#### AIM OF THE TASK
Set down exactly the lines below, starting at the one that contains "緊接著,參觀了天意樣板別墅、" and ending at the one that contains "A Telki Edzőközpont", with both of those lines included and nothing else.

#### PROVIDED DATA
BEGIN
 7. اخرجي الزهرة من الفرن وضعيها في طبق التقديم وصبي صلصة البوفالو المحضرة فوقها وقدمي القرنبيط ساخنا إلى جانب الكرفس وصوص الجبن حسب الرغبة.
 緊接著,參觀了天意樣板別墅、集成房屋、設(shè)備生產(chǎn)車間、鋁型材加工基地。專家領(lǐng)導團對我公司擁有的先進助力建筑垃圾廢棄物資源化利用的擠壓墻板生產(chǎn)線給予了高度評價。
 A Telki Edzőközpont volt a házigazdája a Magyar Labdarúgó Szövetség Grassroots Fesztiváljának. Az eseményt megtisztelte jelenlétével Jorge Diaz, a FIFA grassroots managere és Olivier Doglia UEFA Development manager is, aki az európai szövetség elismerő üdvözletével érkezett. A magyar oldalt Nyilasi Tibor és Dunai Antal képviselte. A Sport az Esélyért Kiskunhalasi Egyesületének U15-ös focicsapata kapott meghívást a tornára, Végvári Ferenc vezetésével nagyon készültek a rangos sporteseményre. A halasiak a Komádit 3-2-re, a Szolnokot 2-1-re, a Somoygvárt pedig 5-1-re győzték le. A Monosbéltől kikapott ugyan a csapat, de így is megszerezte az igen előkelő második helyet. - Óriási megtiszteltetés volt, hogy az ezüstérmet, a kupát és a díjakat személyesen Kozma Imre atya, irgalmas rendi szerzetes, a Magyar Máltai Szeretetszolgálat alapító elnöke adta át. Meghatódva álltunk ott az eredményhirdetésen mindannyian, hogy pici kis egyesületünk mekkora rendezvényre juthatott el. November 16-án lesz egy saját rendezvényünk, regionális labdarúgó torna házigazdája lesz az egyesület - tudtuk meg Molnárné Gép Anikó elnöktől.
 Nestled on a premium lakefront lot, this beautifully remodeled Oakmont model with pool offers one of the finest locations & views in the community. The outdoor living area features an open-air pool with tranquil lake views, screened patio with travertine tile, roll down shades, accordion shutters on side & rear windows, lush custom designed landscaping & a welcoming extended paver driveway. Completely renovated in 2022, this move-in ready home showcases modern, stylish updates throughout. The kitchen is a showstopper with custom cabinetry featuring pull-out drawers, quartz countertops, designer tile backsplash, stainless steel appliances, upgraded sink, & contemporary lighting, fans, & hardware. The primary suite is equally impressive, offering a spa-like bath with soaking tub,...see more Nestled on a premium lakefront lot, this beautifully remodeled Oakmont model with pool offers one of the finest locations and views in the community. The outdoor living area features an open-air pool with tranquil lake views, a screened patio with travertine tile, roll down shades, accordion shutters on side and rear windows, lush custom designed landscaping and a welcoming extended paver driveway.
END
#### ANSWER FOR THE TASK
 緊接著,參觀了天意樣板別墅、集成房屋、設(shè)備生產(chǎn)車間、鋁型材加工基地。專家領(lǐng)導團對我公司擁有的先進助力建筑垃圾廢棄物資源化利用的擠壓墻板生產(chǎn)線給予了高度評價。
 A Telki Edzőközpont volt a házigazdája a Magyar Labdarúgó Szövetség Grassroots Fesztiváljának. Az eseményt megtisztelte jelenlétével Jorge Diaz, a FIFA grassroots managere és Olivier Doglia UEFA Development manager is, aki az európai szövetség elismerő üdvözletével érkezett. A magyar oldalt Nyilasi Tibor és Dunai Antal képviselte. A Sport az Esélyért Kiskunhalasi Egyesületének U15-ös focicsapata kapott meghívást a tornára, Végvári Ferenc vezetésével nagyon készültek a rangos sporteseményre. A halasiak a Komádit 3-2-re, a Szolnokot 2-1-re, a Somoygvárt pedig 5-1-re győzték le. A Monosbéltől kikapott ugyan a csapat, de így is megszerezte az igen előkelő második helyet. - Óriási megtiszteltetés volt, hogy az ezüstérmet, a kupát és a díjakat személyesen Kozma Imre atya, irgalmas rendi szerzetes, a Magyar Máltai Szeretetszolgálat alapító elnöke adta át. Meghatódva álltunk ott az eredményhirdetésen mindannyian, hogy pici kis egyesületünk mekkora rendezvényre juthatott el. November 16-án lesz egy saját rendezvényünk, regionális labdarúgó torna házigazdája lesz az egyesület - tudtuk meg Molnárné Gép Anikó elnöktől.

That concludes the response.